Now I had figured somehow that the Chums were receiving instructions from a
force that wanted to send them on tasks that would prevent the world from
noticing that time travellers were infiltrating among us. There is an
underlying a battle to shut down the Tesla type forces by the Vibe forces
or some other controllers (barons) in order to bolster the effect of what a
grid of paying customers would be for them. The chums are the epitome of
off the grid living though, and I've wondered why they get saddled with
these missions. The visitors from time travel think of innocence as a
commodity, and there's some kind of wishful harvesting of this and other
goods that isn't spoken of overtly too much in the novel but seems to be in
there. I think if people 'did' realize that the visitors were here
harvesing innocence (or taking whatever they take), there'd be some guilty
consciences, about how we "know" something bad is going to happen because
we got to see it via the way these visitors (presences) from the future
cherish this stuff that they're coveting that we still have. Like Yahsmeen
and others, they have a power of being able to just peek and see glimmers,
there's this whole underlying thing in the book about how there are people
among us, who have seen glimmers, let's say a current example would be Al
Gore, for example, and unless we want to go around with guilt we have to do
something. 


Original Message:
-----------------
From: Mark Kohut markekohut at yahoo.com
Date: Mon, 26 Mar 2007 06:01:27 -0700 (PDT)
To: johncarvill at hotmail.com, pynchon-l at waste.org
Subject: RE: ATDTDA (5.1) - The Etienne-Louis Malus


I sorta see the Chums as us, as we bourgeois, the bourgeois, yes, really
'doing nothing' but
  trying to work and live a little.......how quickly the Chums get "married
with kids" to live
  out their 'grace-filled' lives BETWEEN the wars......???

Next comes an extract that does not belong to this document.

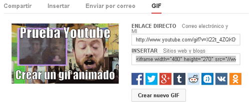 El resultado es una url de Youtube (se le añada el término gif a la propia url de Youtube) que podrás compartir por correo y además te proporcionará un código iframe para insertar la imagen donde desees.

Carvill John <johncarvill at hotmail.com> wrote:
  

Tore - among a lot of really great stuff - wrote:

>The Chums constantly flicker in and out of reality, or - perhaps more 
>precisely - slide back and forth along a scale where 'reality' constitutes 
>one pole and 'fiction' the other. It seems fitting that their first 
>touchdown in 'our' world should be at the World's Fair, which - as Monte 
>points out above - is as much a fiction as reality. Later, of course, they 
>come into contact, more or less, with the harsh reality of WW1, but this 
>can't exactly be construed as a steady progression by the Chums from 
>fiction to reality - just think of that fairytale ending to the whole 
>novel, whcih once again situates them squarely in the land of makebelieve.
>Interestingly, the Chums' "dual citizenship in the realms of the quotidian 
>and the ghostly" also applies to the readers of the Chums' adventures. 
>.....


...and what about their fellow baloonists? Penny Black or the crew of the 
Bolshoi Igra? I'm not sure, but I don't think we ever have any defite 
evidence that any of them exist outside of teh Chums' world. We see them 
interact with others, eg the waitresses in the restaurat in Venice, but
that 
scene is viewes through the Chums' eyes so there's nothing there to suggest 
that the Chms' Russian counterparts exist for anyone other than the Chums.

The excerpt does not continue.